Во все последние наши встречи, о чем бы ни заходила речь, мы все чаще задумываемся, какой должна быть одна из самых главных книг нашего издательства "Летопись героической обороны Ленинграда". Все изданное нами о войне в известном смысле можно рассматривать как подготовку к созданию "Летописи".
Николай Семенович соглашается с этим, но уточняет:
- Это должна быть народная книга - о народе и для народа. В нашей семье, помню, хранилась книга о Суворове. Когда я был мальчуганом, ее часто читали у пас вслух, да и я сам частенько брал ее в рукн. Книгу можно было не только читать, но и рассматривать. Это тоже было поучительно. Иллюстрации не просто дополняли текст, но сами по себе несли большую воспитательную нагрузку.
Думая о "Летописи", я часто вспоминаю ту книгу о Суворове.
- Как уместить девятьсот дней блокады в одной книге?
- Уместить действительно нелегко. Но трудности - не только в подневном изображении событий. Ленинград в осаде - это не только армия, флот, горожане, но и вся страна. Ничего нельзя забыть, как нельзя не помнить, что книга должна быть не для историков, а для чтения самими широкими кругами читателей.

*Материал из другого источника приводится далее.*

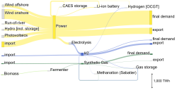 The first study using DIETER examines the power storage requirements for renewables uptake ranging from 60% to 100%. Under the baseline scenario of 80% (the lower bound German government target for 2050), grid storage requirements remain moderate and other options on both the supply side and demand side offer flexibility at low cost. Nonetheless, storage plays an important role in the provision of reserves. Storage becomes more pronounced under higher shares of renewables, but strongly depends on the costs and availability of other flexibility options, particularly biomass availability.[37]
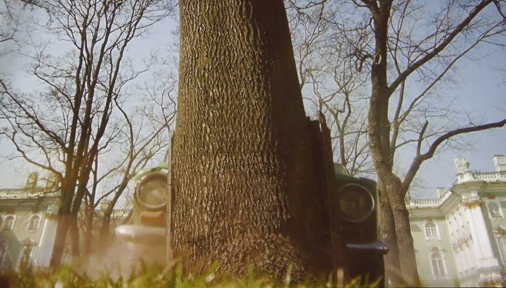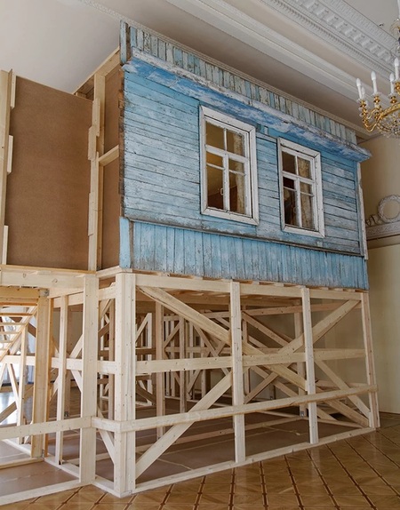 Мы видим наполовину снесенный советский многоквартирный дом, комнаты которого почти одинаковы, однако есть важная отличительная деталь, а точнее оммаж. В каждой комнате висит картина представителей русского революционного конструктивизма, среди которых Малевич, Розанова, Филонов, Родченко и Наумов.
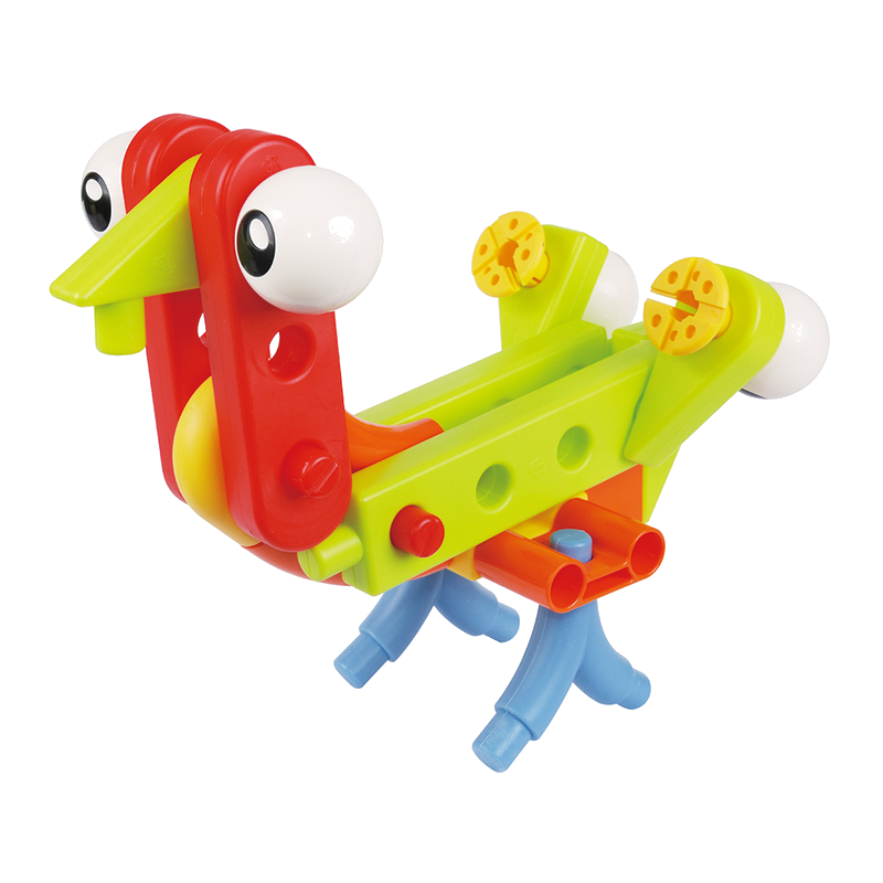 Все модели получаются крупными, поэтому с каждой из них интересно играть. При этом ребенок учится распознавать цвета и формы, развивает ассоциативное мышление, поскольку все игрушки имеют аналоги в реальном мире: краба, лягушки, улитки, петуха.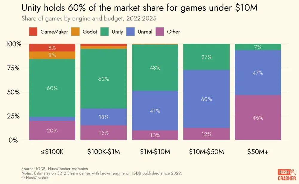 开发成本深刻影响着引擎的选择。显然,在低成本(<10万美元)领域,Unity仍然占据着统治地位。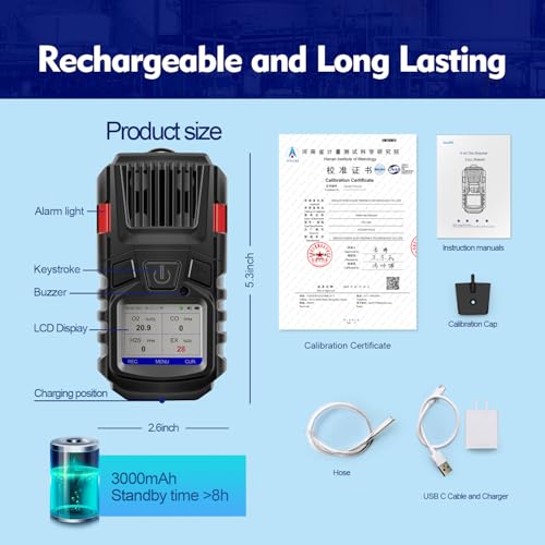 - 【Recargable y de larga duración】Batería de litio de 3000 mAh con tiempo de espera > 8 horas, una duración excepcional de la batería permite que el dispositivo continúe funcionando normalmente incluso después de largas horas de uso sin comprometer su funcionalidad. El paquete incluye el detector de gas múltiple de 4 monitores de gas, la tapa de calibración, el certificado de calibración, la manguera, el cable USB-C y el cargador, si a menudo trabaja en áreas donde pueden haber gases peligrosos, entonces es importante tener el detector de gas para advertirle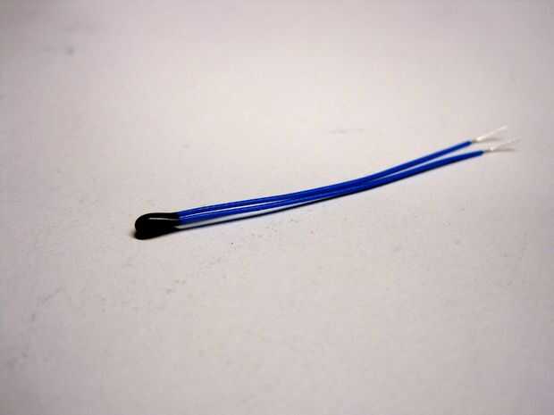 Un termistor es un resistor dependiente de la temperatura; tiene una resistencia específica a temperatura ambiente, y su resistencia varía en una proporción conocida con la temperatura del componente. En nuestro caso, hemos seleccionado una NTC o termistores de coeficiente de temperatura negativo; la resistencia de la pieza será disminuir como la temperatura aumenta.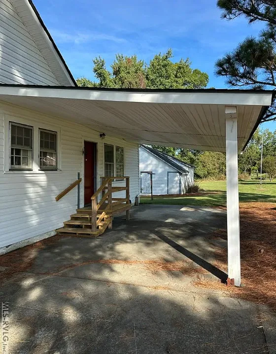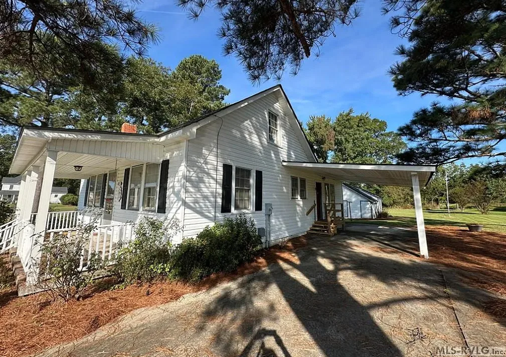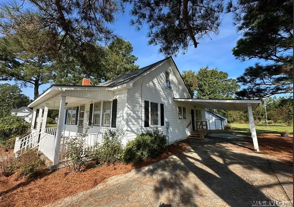 Put your own finishing touches and updates on this cozy farmhouse style home that is just waiting for a new family. Located in the quaint town of Powellsville, NC, this home is situated on a beautiful lot and features a welcoming front porch and attached carport. Walk in the side door, to a country style porch entry with a place for washer & dryer hookup and room for a freezer and a place to kick off your shoes and hang your hat. The eat-in kitchen has ample cabinet space and includes the range & refrigerator. The adjoining dining room and living room both have beautiful hardwood floors and archways and you’ll also find a cozy fireplace in the living room. Down the hall you’ll find three bedrooms. The primary bedroom is spacious and has double closets and a private bath with walk in shower. The other two bedrooms share a 2nd full bath with tub. This home has nice floored attic space, a concrete drive and a storage shed in the back yard. Bring your farmhouse vision to life, as you update and make this the home you’ve been dreaming about.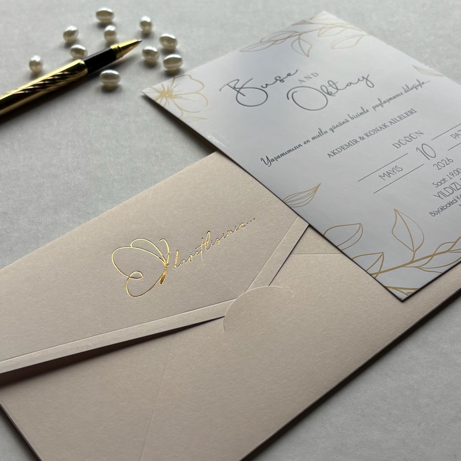 Yatay Dikdörtgen Krem Zarf Gold Yaldızlı Davetiye - 940

Кажется, Николай Семенович видит эту книгу перед глазами.
- Конечно, факты нужно отобрать со всей тщательностью. И очерк написать настоящими словами. Не забыть про стихи и рассказы. Даже анекдоты!.. Да, да не бойтесь этого.
Вспоминаем стихи, написанные в осажденном городе.
- Мы сегодня часто говорим: солдат Великой Отечественной - звучит гордо, - раздумчиво говорит Николай Семенович. - Но в те дни поэт был под стать солдату.
Огромным уважением пользовался поэт у ленинградцев.
Он вспоминает забавный эпизод.
Елена Рывина прогуливалась по Михайловскому саду.
На скамье отдыхал генерал, которого Рывина не заметила.
- Товарищ майор!
Рывина ие подумала, что обращаются к ней.
- Товарищ, майор, почему не приветствуете старших?
Но и на этот раз Рывина не отозвалась.
Тогда генерал встал и догнал Рывину.
- Товарищ майор, вас приветствует старший по званию...
Рывина оторопело посмотрела на генерала.
- Чем вы, собственно, занимаетесь? - вскипает генерал.
- Я - поэт.
- Простите, товарищ майор, - генерал прикладывает руку к козырьку фуражки. - Простите, если помешал Вам...
- Вот такое уважение к поэту мы должны воспитывать сегодня у наших читателей, - замечает Тихонов.
Для меня Николай Семенович - образец литератора.
И не только потому, что его перу принадлежат замечательные произведения. Удивляет его постоянная активность.
Готовность каждому делу, за которое берется, отдать себя целиком. Казалось бы, что для него наш Лениздат с его заботами и бесконечными хлопотами. Но иной наш штатный работник не вкладывает в издательское дело столько сердца, как он.